The laughter was intended for herself alone, so Sarah is surprised when the guest asks Abraham about it saying: “Why does Sarah laugh? Is anything too extraordinary for God to do?”
Is anything too extraordinary for God to do? Other translations offer: Is anything too difficult for God to do? Or: Is anything too wonderful for God to do?
It is a marvelous question!
A question that creates an expansive space of possibility and wonder, while also calling to account energy that would try to squash God from being freely and creatively about God’s work in the world.
As much as we might try, we cannot fully control the ways of the world. We can make plans, and arrangements, we can take action, and we can do our best to prepare for the experiences that come as we interact with ourselves, others, creation, and God. And yet, all of these life interactions happen in and through relationship and relationship is dynamic. It is an ebbing and flowing stream of interaction – a call and response of sorts that we can sometimes prepare for and choose how we might engage and one that can also take us by surprise.
Sarah is surprised by the stranger questioning her laughter – or at the very least taken aback – she tries to deny her gut response of bemused disbelief saying “I did not laugh!” – yet God will not be played saying in return: “Oh, but you did indeed laugh!”
At this point the story could easily go awry – Sarah could swell with bitterness at the stranger’s rebuke. Or God could choose to cast aside the promise of future generations to Abraham and Sarah in response to Sarah’s disbelief. Instead, we encounter grace.
Grace that makes space for God’s extraordinary and wonderful works.
A child is born. And the child is named Isaac – which means laughter – for even the thought of Isaac’s existence was a source of laughter first skeptical in nature and then laughter full of joy. The kind of laughter that comes when you recognize a sense of connection at play in a moment of experience. A connection that reveals the presence of the Holy at work in the world, weaving together threads of love, life, and possibility beyond our imagination.

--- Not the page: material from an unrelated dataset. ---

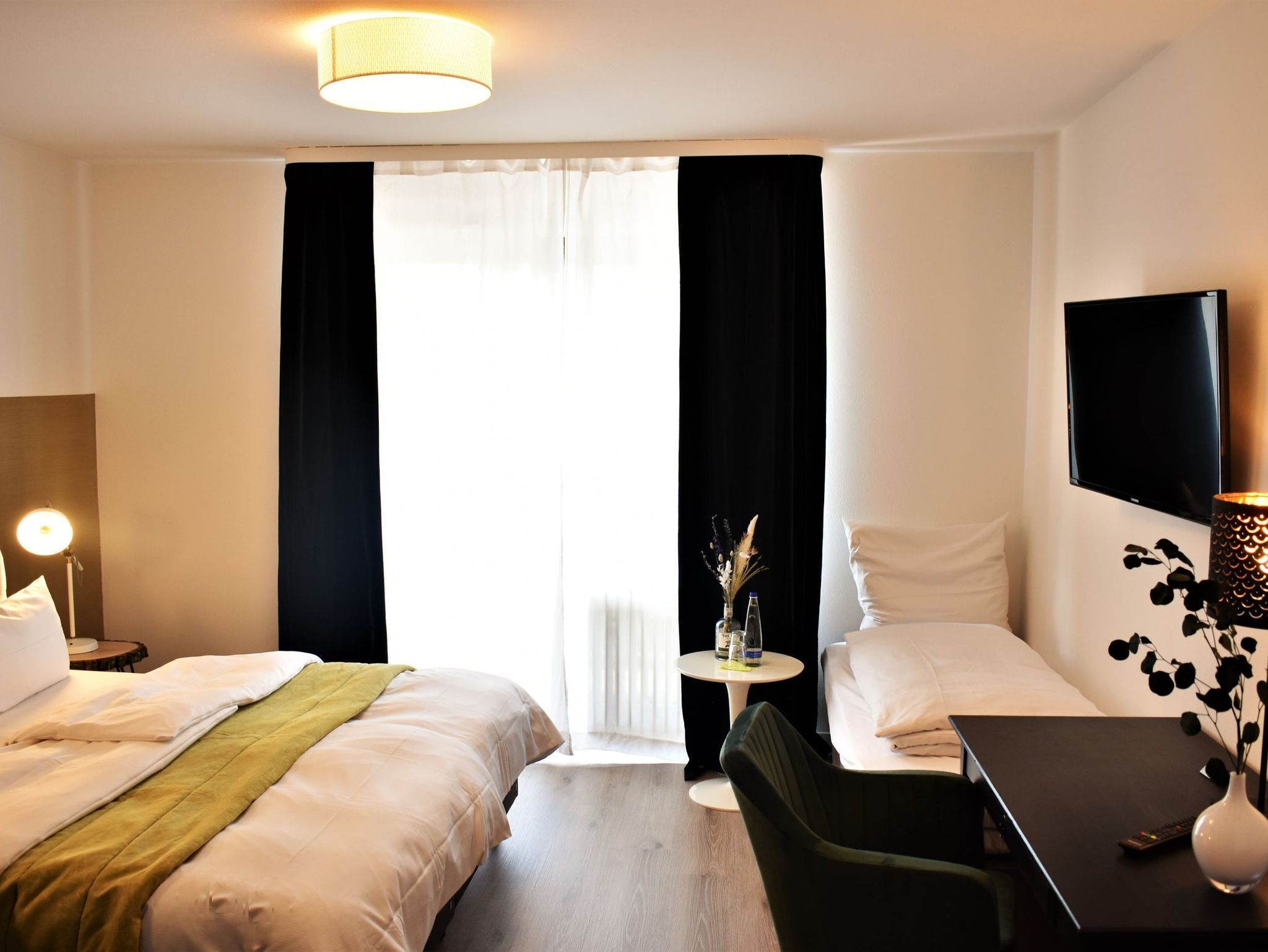 The elegantly furnished feel-good triple room with balcony is equipped with two box spring beds (90 x 200 cm), a large extra bed (80 x 190 cm), desk, armchair, flat screen TV, clock radio, telephone and safe. The bathroom has a shower, toilet, toiletries and a hairdryer. Wireless Internet connection we provide for the duration of your stay at your disposal. The comfortable box spring beds ensure that you wake up relaxed and refreshed in the morning for a deep and restful sleep. On request, we can arrange this separately from each other.

A connection that, upon recognition, might tug you between tears and laughter.
There is space for tears and laughter at the table of life, for both can point us towards moments of connection with God. Connection that is possible whether we make space and preparations for it in our living – like a host planning a gathering – or whether it takes us by surprise, offering us the opportunity to delight in the unexpectedness of the interaction. The Holy is in the midst of all things and so we can encounter God’s presence everywhere.

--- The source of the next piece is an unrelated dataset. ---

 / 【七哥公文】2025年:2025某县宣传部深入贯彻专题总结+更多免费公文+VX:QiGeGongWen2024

We come together in this space each week in this space to celebrate and encounter God’s presence – through worship and prayer, in the gathering of friends and strangers, in the shared singing of songs, in the receiving and reflections of scripture, in the asking of questions, in the sharing of joys, sorrows, and concerns. We each bring our own ways of being in the world and we each find connection with God in different moments. The inclusion of the Prayground in this space is another extension of hospitality and possibility, creating additional opportunities for connection with God, including connections that might take us by surprise as individuals and as a community.
We are invited to live in connection with God’s presence. As we seek that connection and recognize the shapes it takes in our living, we discover that sometimes we are called to be hosts of the Holy – making space for and extending invitation to moments of connection. In other times we are invited to be guests at the table, or perhaps resting under a tree, as sustenance and care is lovingly crafted and generously offered to us. We are hosts and guests, givers and receivers, invited to participate in the expected, unexpected, and extraordinary ways of God’s love in the world.